WHAT TO DO: Pictures are to be omitted. Output only the lines from the one containing "European Beech leaf" through the end of the data, word for word.

Collected data entries:
---+---
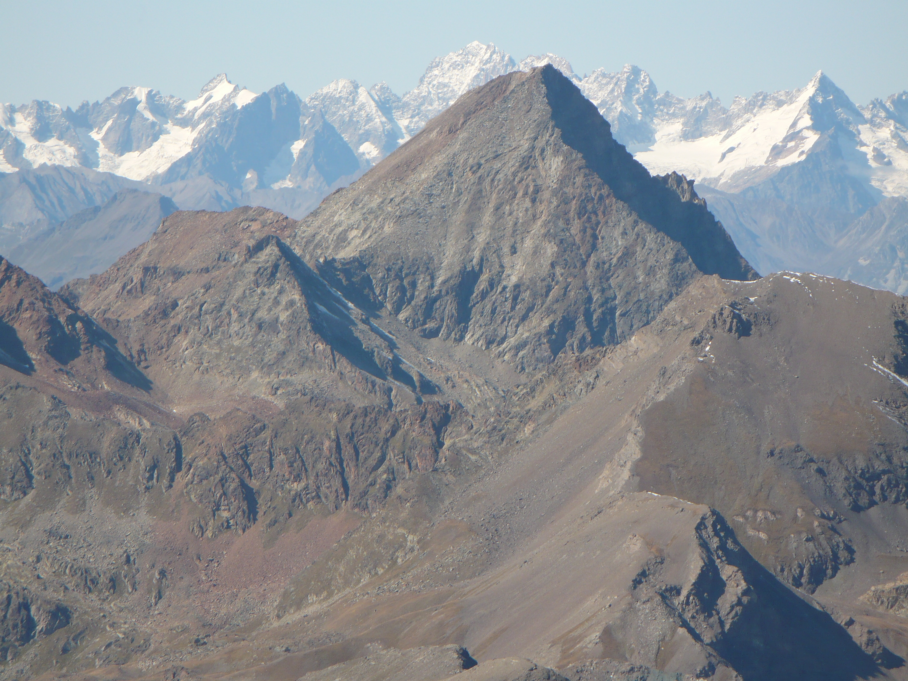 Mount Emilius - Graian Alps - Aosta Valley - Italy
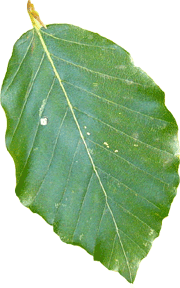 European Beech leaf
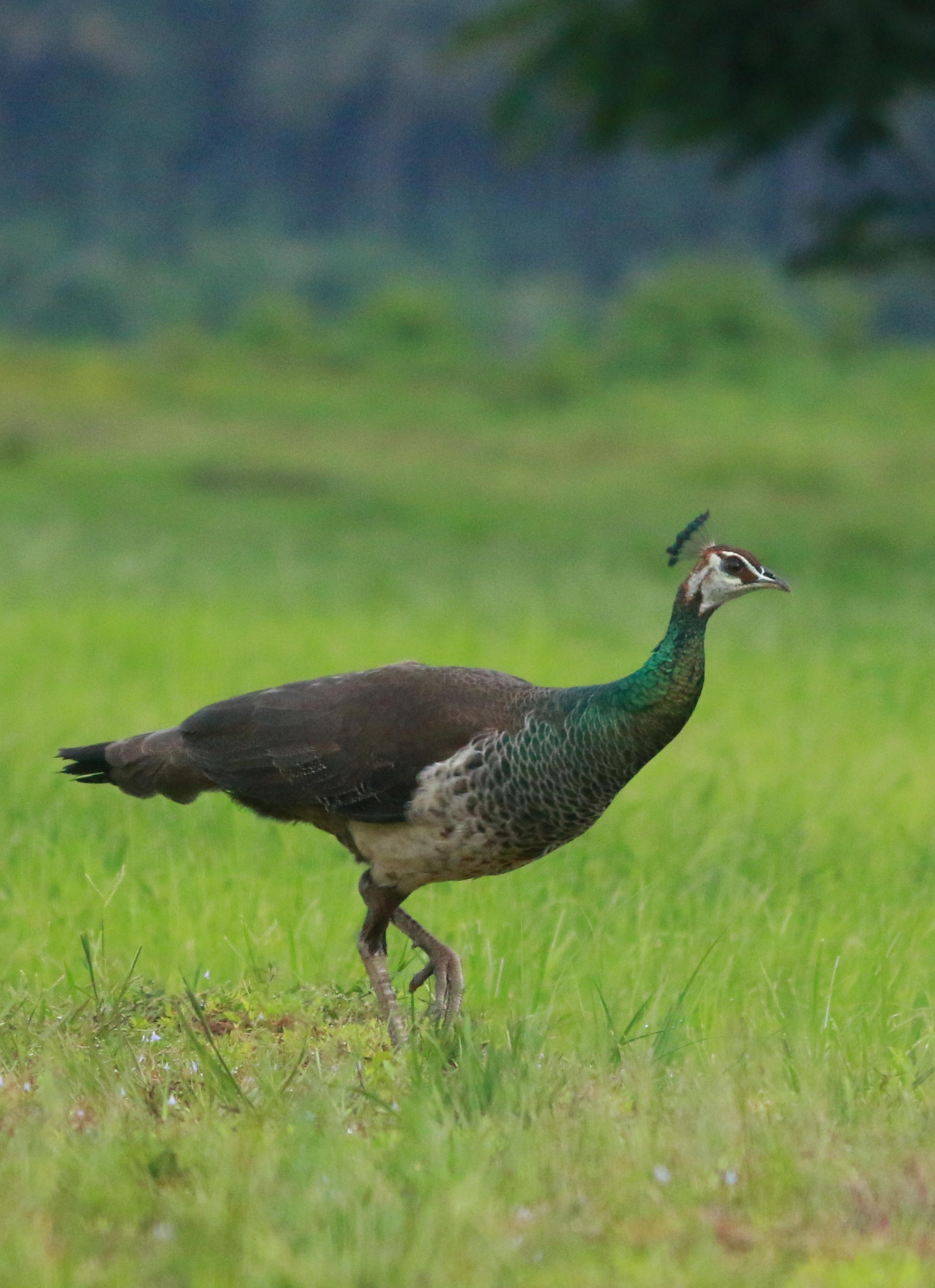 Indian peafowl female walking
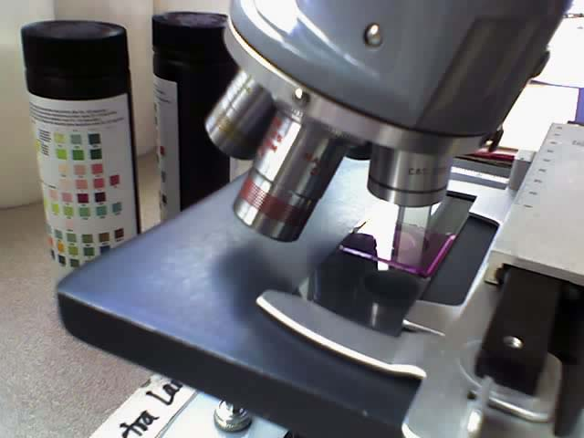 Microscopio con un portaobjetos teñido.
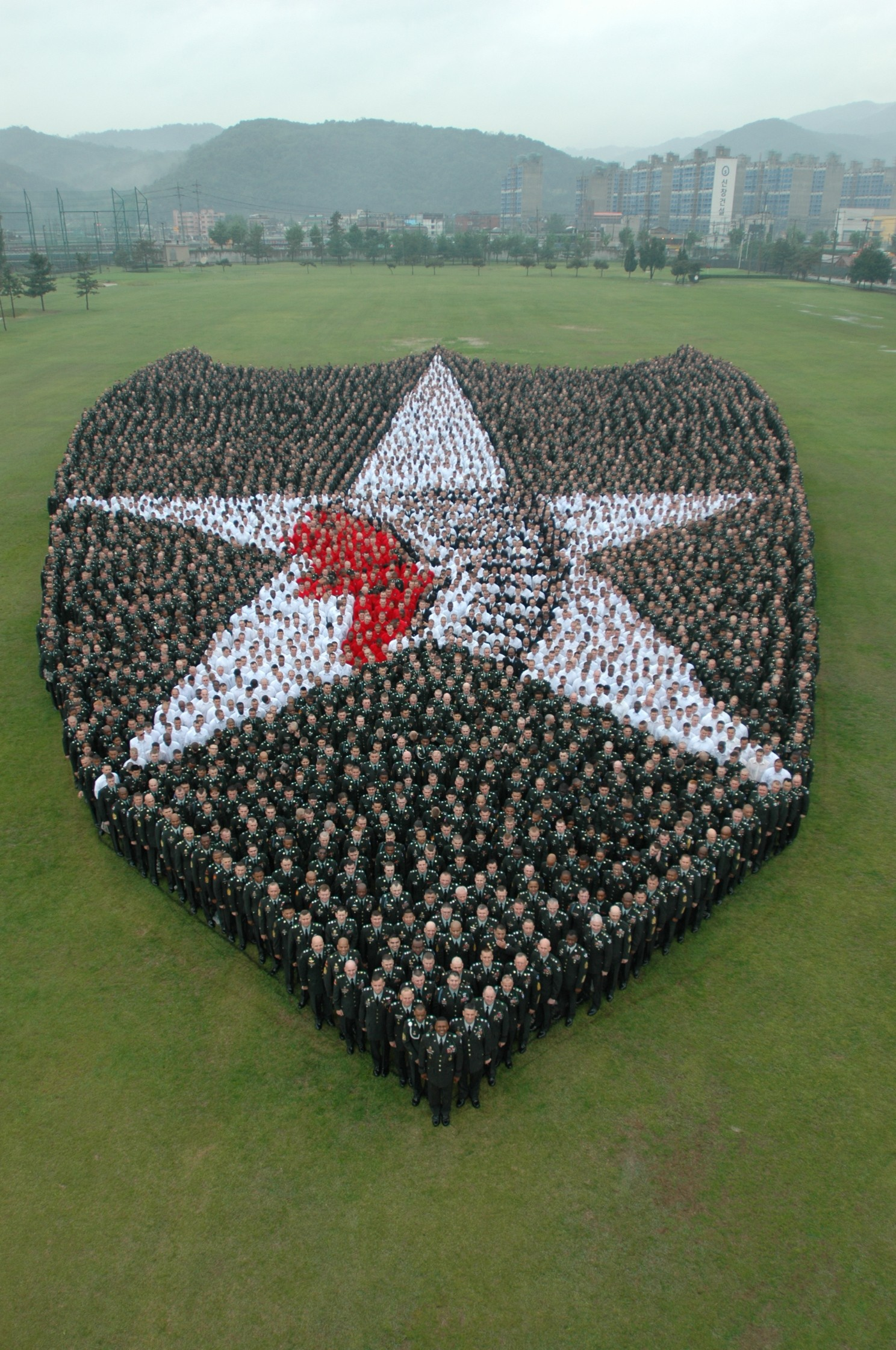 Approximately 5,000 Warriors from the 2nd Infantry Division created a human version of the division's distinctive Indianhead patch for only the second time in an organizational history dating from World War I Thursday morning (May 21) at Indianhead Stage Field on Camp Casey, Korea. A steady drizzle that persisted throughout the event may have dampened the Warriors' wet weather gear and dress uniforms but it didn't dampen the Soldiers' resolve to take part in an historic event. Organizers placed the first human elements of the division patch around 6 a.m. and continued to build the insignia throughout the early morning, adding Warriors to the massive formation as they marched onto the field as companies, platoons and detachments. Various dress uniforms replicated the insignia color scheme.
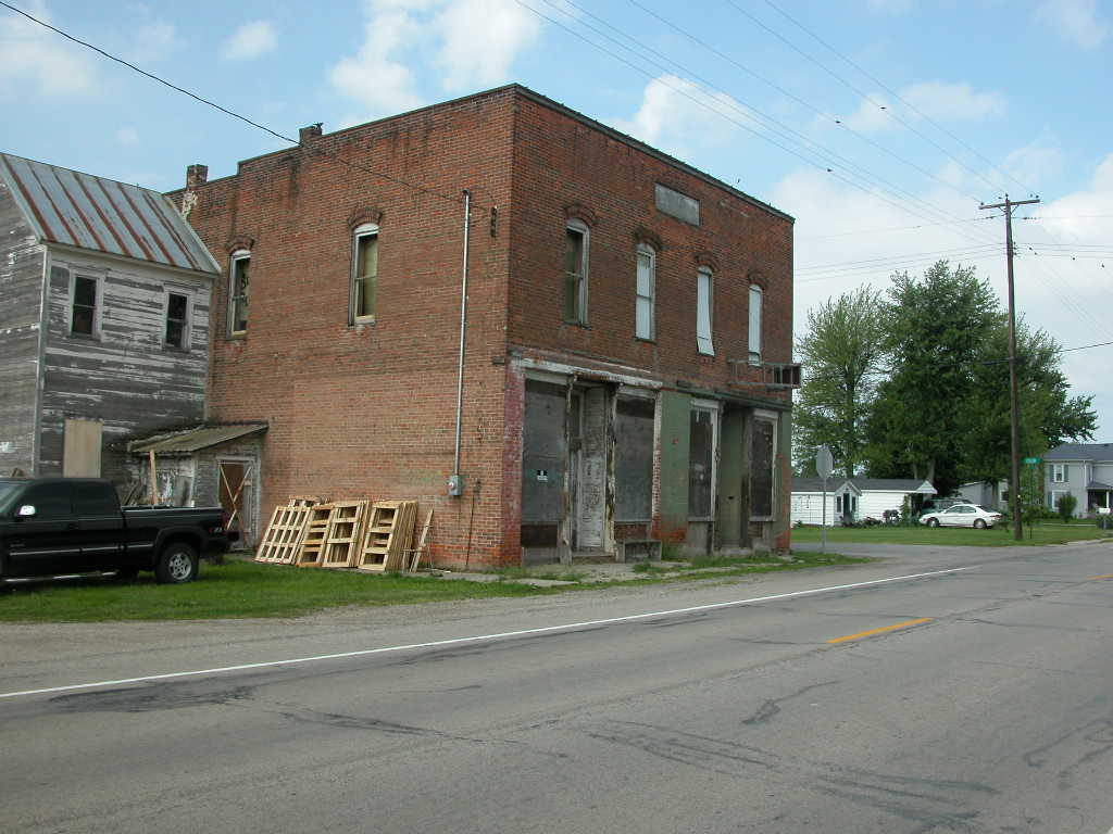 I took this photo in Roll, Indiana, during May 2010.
---+---
SOLUTION TO THIS TASK:
 European Beech leaf
 Indian peafowl female walking
 Microscopio con un portaobjetos teñido.
 Approximately 5,000 Warriors from the 2nd Infantry Division created a human version of the division's distinctive Indianhead patch for only the second time in an organizational history dating from World War I Thursday morning (May 21) at Indianhead Stage Field on Camp Casey, Korea. A steady drizzle that persisted throughout the event may have dampened the Warriors' wet weather gear and dress uniforms but it didn't dampen the Soldiers' resolve to take part in an historic event. Organizers placed the first human elements of the division patch around 6 a.m. and continued to build the insignia throughout the early morning, adding Warriors to the massive formation as they marched onto the field as companies, platoons and detachments. Various dress uniforms replicated the insignia color scheme.
 I took this photo in Roll, Indiana, during May 2010.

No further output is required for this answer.